The master solenoid is located as close as possible to the battery. A small hot wire from the battery goes directly to a nearby small fuse, then to the coil of the master contactor.
No fuse. Never have I ever seen a fuse in that wire. There are fuses near the battery for the clock and hourmeter, but they are not related to the master circuit. A fuse there will eventually fail though simple corrosion, and leave the pilot with a dead system for no good reason. The master contactor is located right next to the battery to keep unfused wiring as short as possible, and clear of anything that might short it.
I've never seen switched grounds in any light airplane other than the master circuit. All switches are connected to the relevant breaker, which is connected to the bus, which is battery positive from the master contactor. One exception is often the avionics master, which is just a switch to disconnect the avionics bus from the main bus.
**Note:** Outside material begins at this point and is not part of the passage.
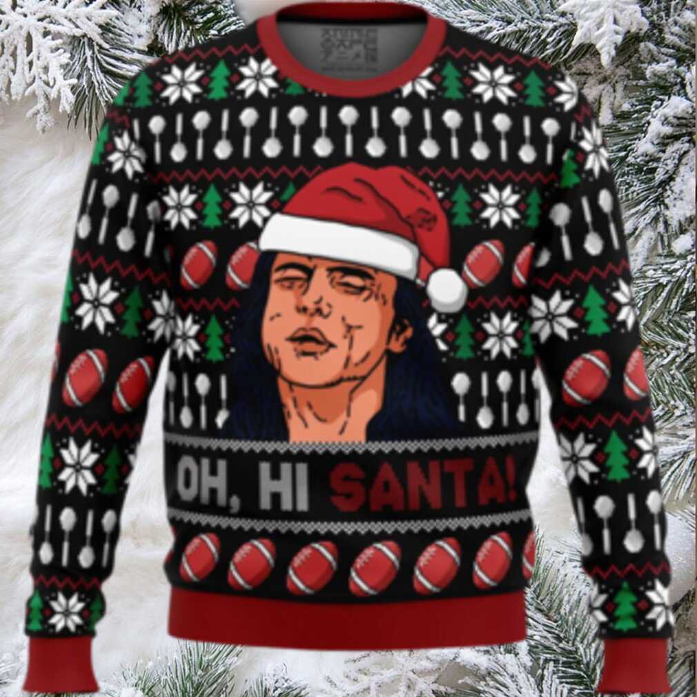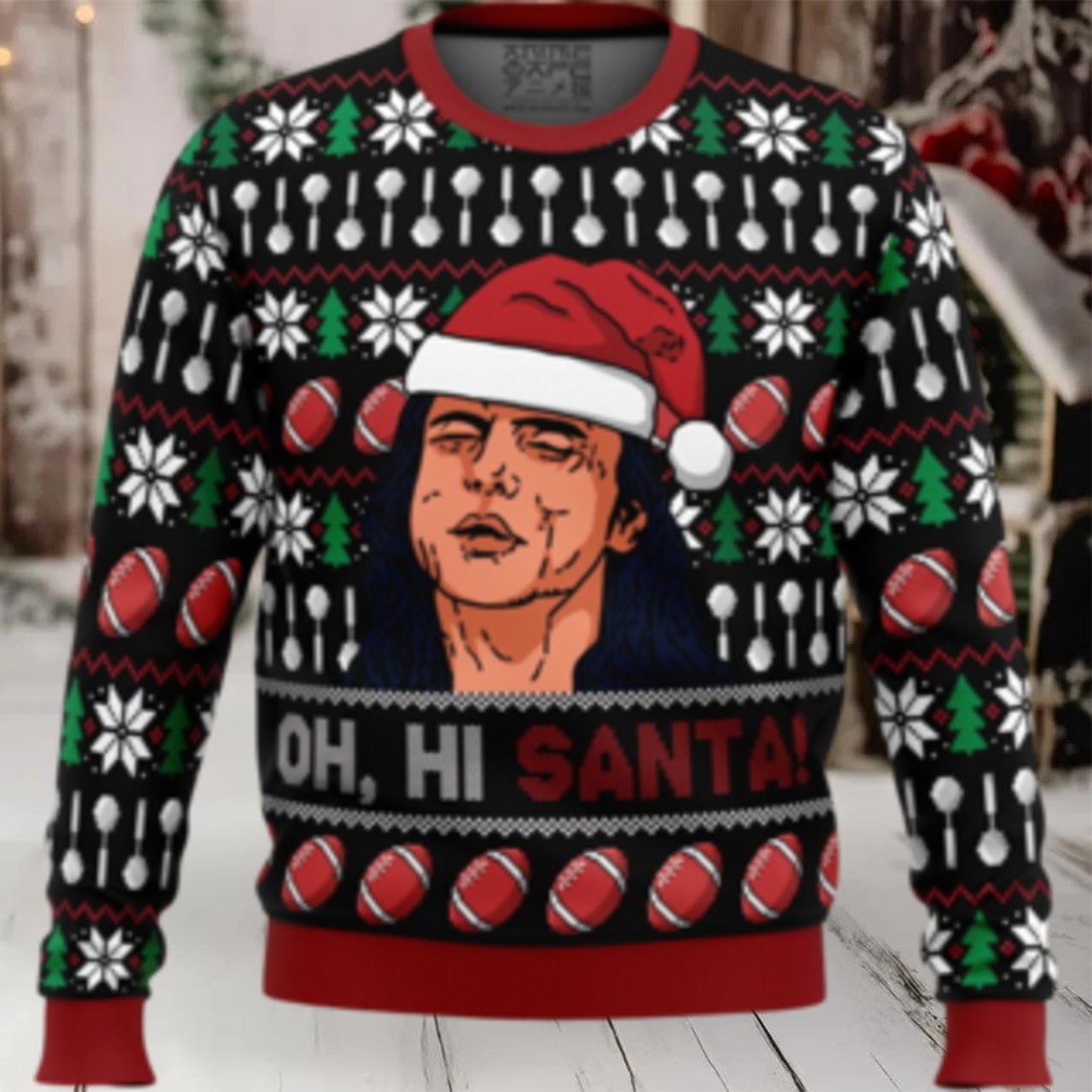 Have yourself a wonderfully awkward Christmas with this “Oh, Hi Santa” The Room Ugly Christmas Sweater! Featuring the iconic line from the cult classic movie, this sweater is sure to get laughs and start conversations. Perfect for fans of Tommy Wiseau and The Room who want to add a touch of bizarre humor to their holiday wardrobe.

Some airplanes used a small relay for that purpose, controlled by the avionics master switch.
That master is wired the way it is for good reason. The master switch on the panel grounds the master contactor's coil, whose other end is hot. This avoids having a hot wire from the battery into the cockpit to that switch. A wire that's always hot could short during an accident even if the master was off, causing sparks that could set spilled fuel afire. The method of grounding the contactor to turn it on means that there will always be a considerable resistance in that line, the resistance of the coil, and so if the the master is turned off and the airplane crashes, tearing and shorting that wire just turns the master on. It doesn't make huge sparks or get wiring glowing red-hot.
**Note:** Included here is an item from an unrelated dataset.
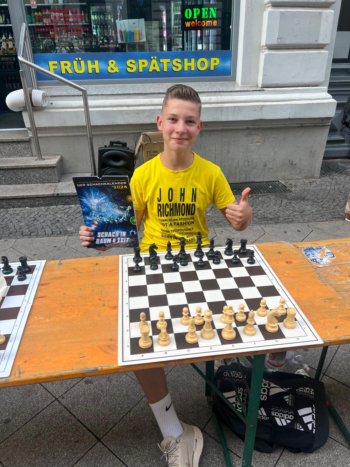 Am Freitag Nachmittag war es wieder soweit. Am Hasselbachplatz in Magdeburg war Schachtime mit Musik, Simultanschach und Kondiblitz bei hochsommerlichen Temperaturen. Tatjana Melamed hatte dabei starke Konkurrenz im Simultan. Viele Vereinsspieler, aber auch Freizeitspieler forderten Tatjana in langen Partien heraus. Tatjana gab bei 30 Partien nur einen halben Punkt ab. Der 13jährige Igor Shevchenko von den Schachzwergen erzielte mit einer starken Partie das Remis. Unsere Präsidentin Claudia Meffert war auch vor Ort. In den letzten 30 Minuten erhielt Tatjana Hilfe von Jens Windelband, weil viele Partien noch liefen. Danke für die Unterstützung durch das Hasselbach Management des Vereins Stadtmarketing Pro Magdeburg e.V. und Domino-Pizza. Es ist erfreulich, dass viele Teilnehmer*innen auf eine baldige Wiederholung hoffen.

We've all been taught to turn the master off in a forced approach, right??
From a 172 service manual, the battery/master/starter circuit:
#2 is the master switch. #5 is a diode that shorts the voltage spike from the master contactor's coil. #1 is another diode that suppresses the voltage spike from the alternator circuit. #7 is the master contactor, here labelled the "battery contactor." The starter is #11. Battery is #6. #4 and #5 are just the two halves of a connector.
The power for the bus comes off that little circle just to the right of the battery contactor, in the line to the starter contactor. That's the output stud of the contactor. Note the absence of any fuses in the wires labelled PA25 and PA24 to the master switch.
Sometimes that bus line will be taken off the starter contactor's input terminal, which amounts to the same thing. This will be done in airplanes having the battery back in the tailcone.
Here is an example of load switching, the landing lights:
The switches are in the line from the bus, via the circuit breaker. The lights are fed positive into one terminal, and the other is grounded to the negative airframe.
One more, the ammeter:
We find it in that line from the starter contactor's input terminal from the battery contactor (or from the battery contactor's output terminal, same thing) and through the ammeter to the bus bar. No fuses anywhere in that line. If it shorts, you get smoke and stuff and you shut the master off. Fuses, again, introduce more risk that they eliminate in such a system. That fuse would be really big, too, and would have to be accessible in flight. In the way things are wired, the pilot is the fuse. If he's smart. The POH/AFM tells him all about it, if he cares to know.
That ammeter tell the pilot how much power is leaving or entering the battery. If the battery is discharging, it will read so. If the alternator or generator is charging, it will show a charge. It will show how much flow is going in either direction. Note the that starter current does not travel through the ammeter. 60-amp ammeters don't appreciate having 250 amps run through them.